Volontariato a Milano: come il semino della solidarietà è germogliato nel cuore di una piccola milanese.

Il volontariato a Milano, si sa, è di casa. Anzi, ormai è universalmente noto che la nostra città ne è la vera e propria capitale a livello nazionale. E non solo da oggi. La solidarietà che spinge molti nostri concittadini ad aiutare gli altri e ad impegnarsi per una buona causa affonda le sue radici nei secoli e nella storia stessa della città.

Per questo ho pensato di incontrare alcuni milanesi che si occupano di volontariato e di raccontare le loro storie.

Dal prossimo incontro ve ne parlerò e scopriremo insieme vicende interessanti che potrebbero essere condivise da molti lettori… Il mio racconto di oggi parte da una riflessione sul tema: è un ricordo personale che, anche dopo molti decenni, ancora oggi mi suscita un sorriso e un piccolo brivido di gioia.

Torno con la memoria alla mia infanzia tutta milanese, quando alla domenica andavo a Messa coi miei genitori in una chiesa bellissima e ricca di classe.

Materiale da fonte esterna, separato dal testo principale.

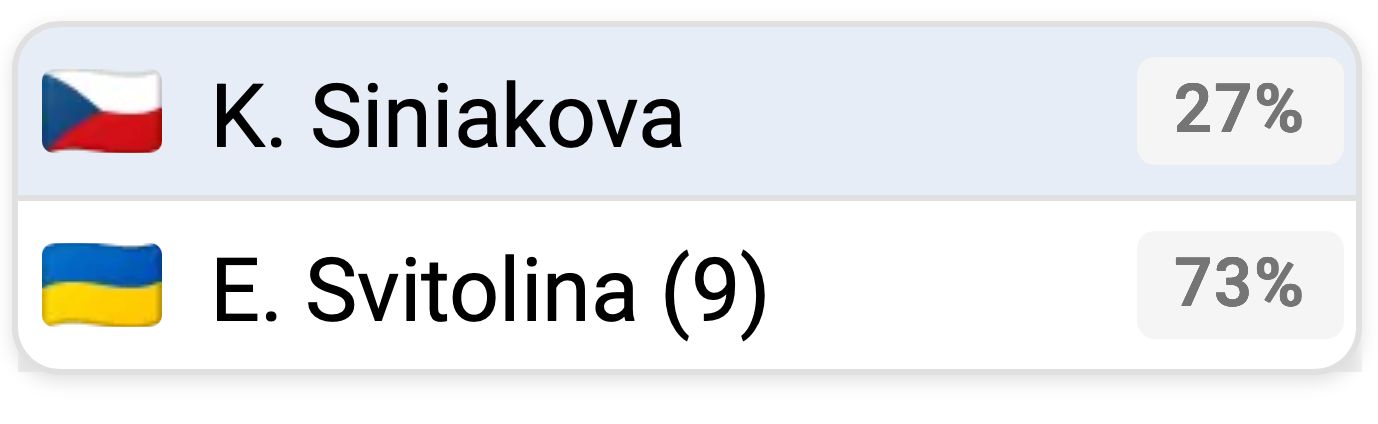 Podríamos ver otro partido reñido entre dos jugadores consistentes con fuertes habilidades defensivas y capacidad para frustrar a los oponentes. El Simulador PFSN le da a Svitolina un 73% de posibilidades de llegar a la cima, y creemos que la novena cabeza de serie continuará su notable racha y reservará su lugar en los cuartos de final.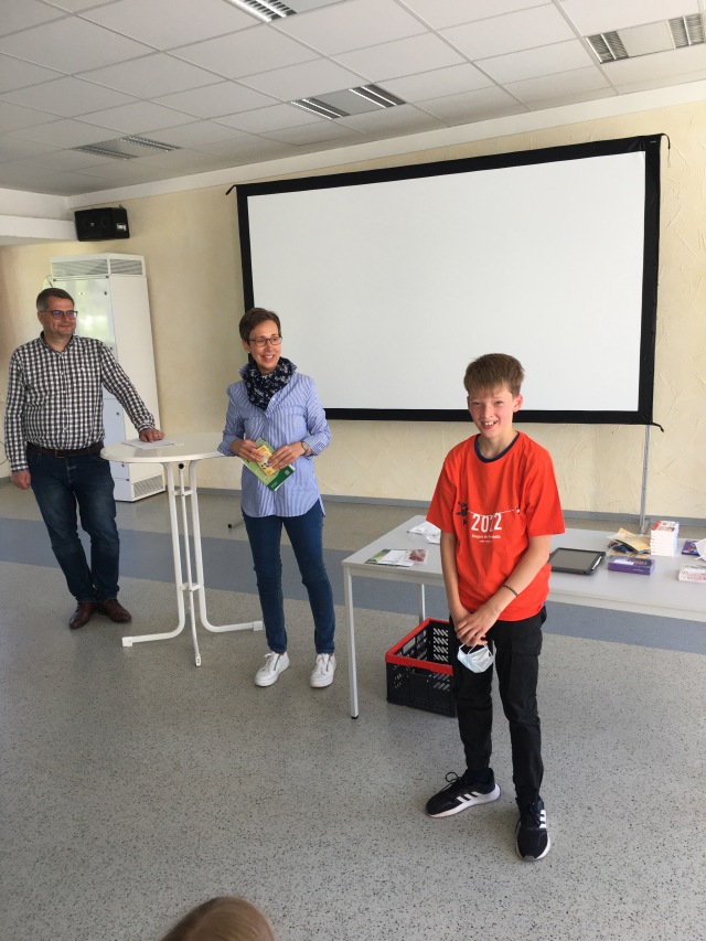 Leonard Hupertz sowie Justus Krippendorf (beide 6a) konnten nicht nur ein Geschenk für einen zweiten Preis entgegen nehmen, sondern bekamen auch beide das Känguru T-Shirt für die meisten richtigen Antworten am Stück.

Santa Maria Segreta sorge nel magico quadro di piazza Tommaseo e fa da contraltare architettonico all’Istituto Marcelline, la mia scuola, con una bellezza nobile e rigorosa, senza eccessi e sbavature, tipicamente milanese.

Il mio papà aveva progettato l’impianto di riscaldamento per la chiesa e così univa il gusto di seguire le dotte prediche di padre Catoretti, illustre teologo, all’istinto tutto meneghino che gli faceva dare una controllatina domenicale a che tutto funzionasse a dovere ( un vero “milanese imbruttito” ante litteram, ahahah).

L’Istituto Marcelline Tommaseo

Alla fine della Messa, ci accalcavamo all’uscita sulle note trionfali dell’organo, e la mamma mi dava una moneta da 100 lire che io, bimba buona e allegra, ma un po’ timida, facevo furtivamente scivolare nel cappello di un anziano cieco che sedeva sotto il portico, accompagnato dal suo cane, un bel meticcino con gli occhietti vivaci, sicuramente frutto dell’incrocio tra uno spinone e, come diceva la mia mamma, “i binari del tram”, per indicarne l’inestricabile incrocio di razze.

Un cagnolino simile a quello protagonista del racconto (photo: animaliamiciviterbo.it)

Una volta capitò che, a causa di un’influenza che si aggirò in famiglia colpendo a caso per varie settimane, saltassimo il nostro appuntamento domenicale in chiesa per ben 5 volte.

Alla ripresa, feci presente alla mamma, con precisione austroungarica, che al cieco della chiesa quella volta spettavano non 100, ma 500 lire e così mi trovai a mettergli nel cappello una banconota al posto della solita moneta.

E qui successe il fatto. Mentre il cieco sentì la carta sotto le dita e pronunciò con meraviglia “Ma se gh’è?!?”, il cagnolino colse al volo il fatto eccezionale e mi saltò in braccio per la gioia, riempiendomi di baci!!

La sorpresa fu tale per me, bambina, che mi misi a piangere per la felicità: mai avrei immaginato, portando gioia agli altri, di provare un sentimento così forte anch’io!

Da allora scoprimmo che il cieco si chiamava Giuseppe Villa e che veniva tutte le domeniche fino a questa chiesa da “sciuri” in tram dalle case popolari di viale Famagosta con l’aiuto del suo valoroso cagnolino Pantèla, che in milanese significa “piccoletto”.

Cominciò così un’amicizia che si rinnovava ogni domenica, molte volte lo accompagnavamo a casa in macchina e a Natale, Pasqua e feste comandate non mancavamo di passare da casa sua portando dei bei cesti pieni di cose buone, per la gioia sua, di sua moglie Maria e le grandi feste del nostro adorabile Pantèla.

Un mio ritratto da bambina, all’epoca del racconto, che testimonia il mio amore per i cagnolini!

Erano momenti di vera felicità anche per noi e, come si vede, me li porto nel cuore ancora adesso dopo tanti tanti anni.

Una felicità che si è rinnovata ogni volta che mi è capitato di fare volontariato in vari ambiti e, anche quando la vita mi ha riservato momenti impegnativi e difficili, è stata una lucina di speranza che mi ha guidata fuori dalla tempesta.

La vita non è facile per nessuno, ma c’è speranza, anzi addirittura noi possiamo essere portatori di gioia!

Regalare un sorriso è la cosa più bella che ci possa capitare.